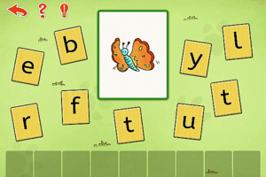 Tom liest die englische Bezeichnung vor und anschließend müssen Bild und gesprochenes Wort zusammenbracht werden. Schließlich geht es noch um die Schreibweise. Zunächst erscheint das korrekte Wort, dann werden die Buchstaben durcheinandergewirbelt.
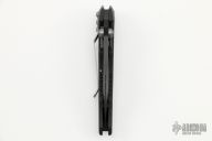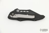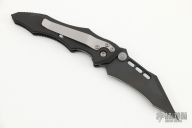 This Vector manual folder from Microtech features a black blade with dual thumb studs and notched thumb ramp. The handle is comprised of black anodized aluminum frame with non slip inserts over green barrel spacers. Stainless steel inlaid lockbar. Stainless Steel tip down clip. Dated 8/99. Comes with original box, papers, and nylon sheath. Has a couple light scuffs, otherwise excellent condition.
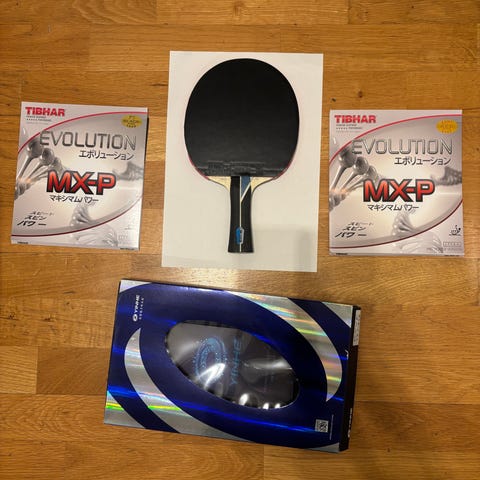 Komplett pingisracket med Tibhar Evolution MX-P (svart 2,2mm & röd 1,8mm) på en kolfiberstomme med bra kontroll XVT classic carbon (lackad). Olika tjock svamp är perfekt för den som vill ha lite mer kontroll på exempelvis BH och mer kraft i FH. (179,7g). Inte perfekt limning, därav priset.

PROMPT: Exactly as given, set down each line of the material, but include no pictures.

OUTPUT OF THE TASK:
 Tom liest die englische Bezeichnung vor und anschließend müssen Bild und gesprochenes Wort zusammenbracht werden. Schließlich geht es noch um die Schreibweise. Zunächst erscheint das korrekte Wort, dann werden die Buchstaben durcheinandergewirbelt.
 This Vector manual folder from Microtech features a black blade with dual thumb studs and notched thumb ramp. The handle is comprised of black anodized aluminum frame with non slip inserts over green barrel spacers. Stainless steel inlaid lockbar. Stainless Steel tip down clip. Dated 8/99. Comes with original box, papers, and nylon sheath. Has a couple light scuffs, otherwise excellent condition.
 Komplett pingisracket med Tibhar Evolution MX-P (svart 2,2mm & röd 1,8mm) på en kolfiberstomme med bra kontroll XVT classic carbon (lackad). Olika tjock svamp är perfekt för den som vill ha lite mer kontroll på exempelvis BH och mer kraft i FH. (179,7g). Inte perfekt limning, därav priset.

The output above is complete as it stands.